→ **Task prompt**: Print the records below exactly, with no pictures.

[Extracted entries — start]

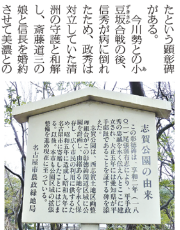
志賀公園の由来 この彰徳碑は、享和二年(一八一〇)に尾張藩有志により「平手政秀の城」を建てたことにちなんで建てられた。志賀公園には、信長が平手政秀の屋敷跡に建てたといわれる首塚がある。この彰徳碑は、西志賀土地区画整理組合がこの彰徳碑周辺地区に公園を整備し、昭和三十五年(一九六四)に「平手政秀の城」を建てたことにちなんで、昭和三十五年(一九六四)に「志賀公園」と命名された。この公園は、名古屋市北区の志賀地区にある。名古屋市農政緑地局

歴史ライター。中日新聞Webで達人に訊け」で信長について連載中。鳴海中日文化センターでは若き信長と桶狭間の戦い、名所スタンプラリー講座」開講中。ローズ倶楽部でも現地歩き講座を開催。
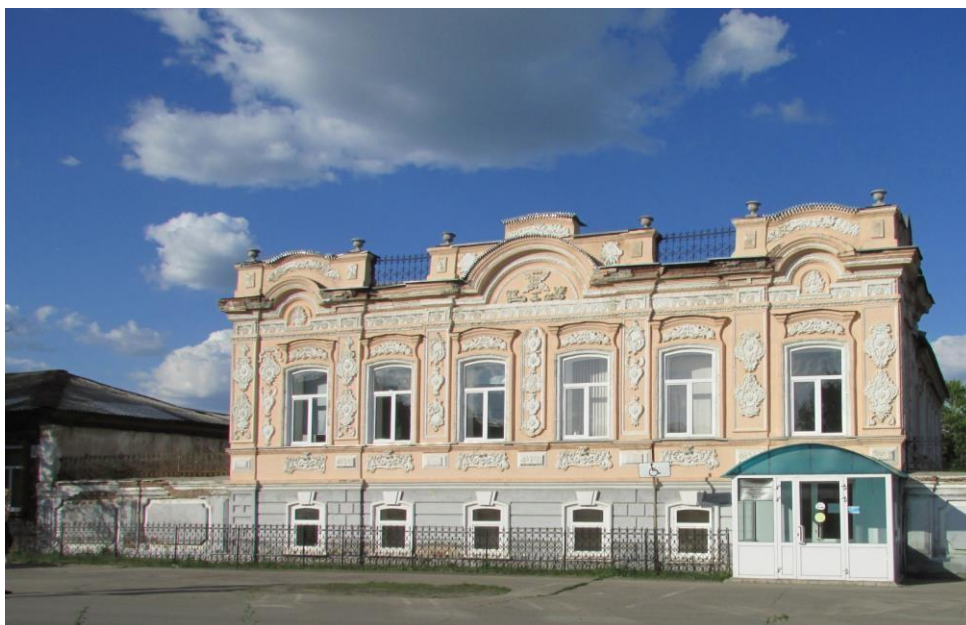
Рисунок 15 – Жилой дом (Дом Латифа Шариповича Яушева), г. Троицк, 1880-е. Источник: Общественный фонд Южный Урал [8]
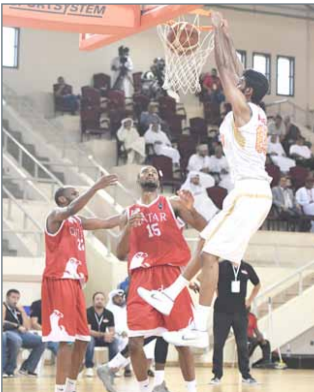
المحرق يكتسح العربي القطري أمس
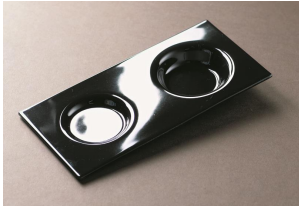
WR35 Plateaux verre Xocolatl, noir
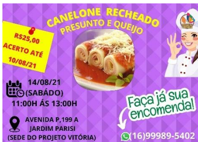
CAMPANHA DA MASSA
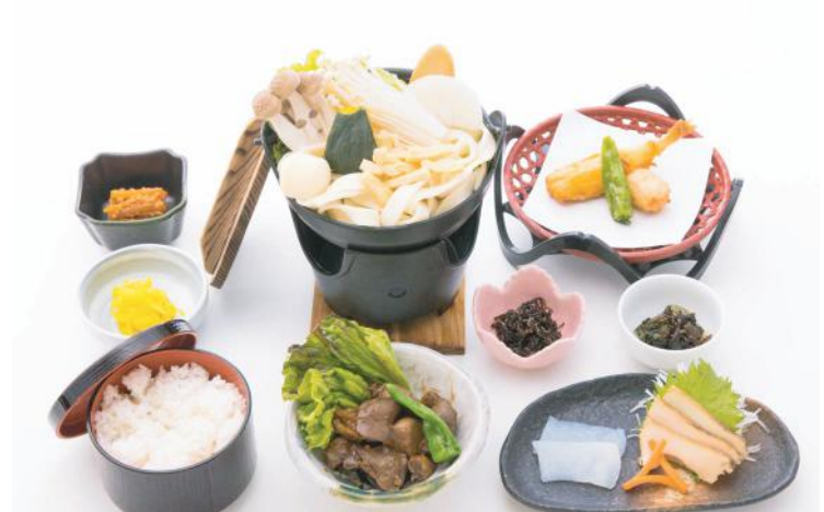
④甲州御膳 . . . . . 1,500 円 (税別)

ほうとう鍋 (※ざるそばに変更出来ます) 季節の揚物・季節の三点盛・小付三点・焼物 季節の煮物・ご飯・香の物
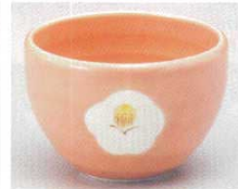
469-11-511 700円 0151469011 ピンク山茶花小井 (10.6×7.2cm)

[Extracted entries — finish]

→ **Answer section**:
志賀公園の由来 この彰徳碑は、享和二年(一八一〇)に尾張藩有志により「平手政秀の城」を建てたことにちなんで建てられた。志賀公園には、信長が平手政秀の屋敷跡に建てたといわれる首塚がある。この彰徳碑は、西志賀土地区画整理組合がこの彰徳碑周辺地区に公園を整備し、昭和三十五年(一九六四)に「平手政秀の城」を建てたことにちなんで、昭和三十五年(一九六四)に「志賀公園」と命名された。この公園は、名古屋市北区の志賀地区にある。名古屋市農政緑地局

歴史ライター。中日新聞Webで達人に訊け」で信長について連載中。鳴海中日文化センターでは若き信長と桶狭間の戦い、名所スタンプラリー講座」開講中。ローズ倶楽部でも現地歩き講座を開催。
Рисунок 15 – Жилой дом (Дом Латифа Шариповича Яушева), г. Троицк, 1880-е. Источник: Общественный фонд Южный Урал [8]
المحرق يكتسح العربي القطري أمس
WR35 Plateaux verre Xocolatl, noir
CAMPANHA DA MASSA
④甲州御膳 . . . . . 1,500 円 (税別)

ほうとう鍋 (※ざるそばに変更出来ます) 季節の揚物・季節の三点盛・小付三点・焼物 季節の煮物・ご飯・香の物
469-11-511 700円 0151469011 ピンク山茶花小井 (10.6×7.2cm)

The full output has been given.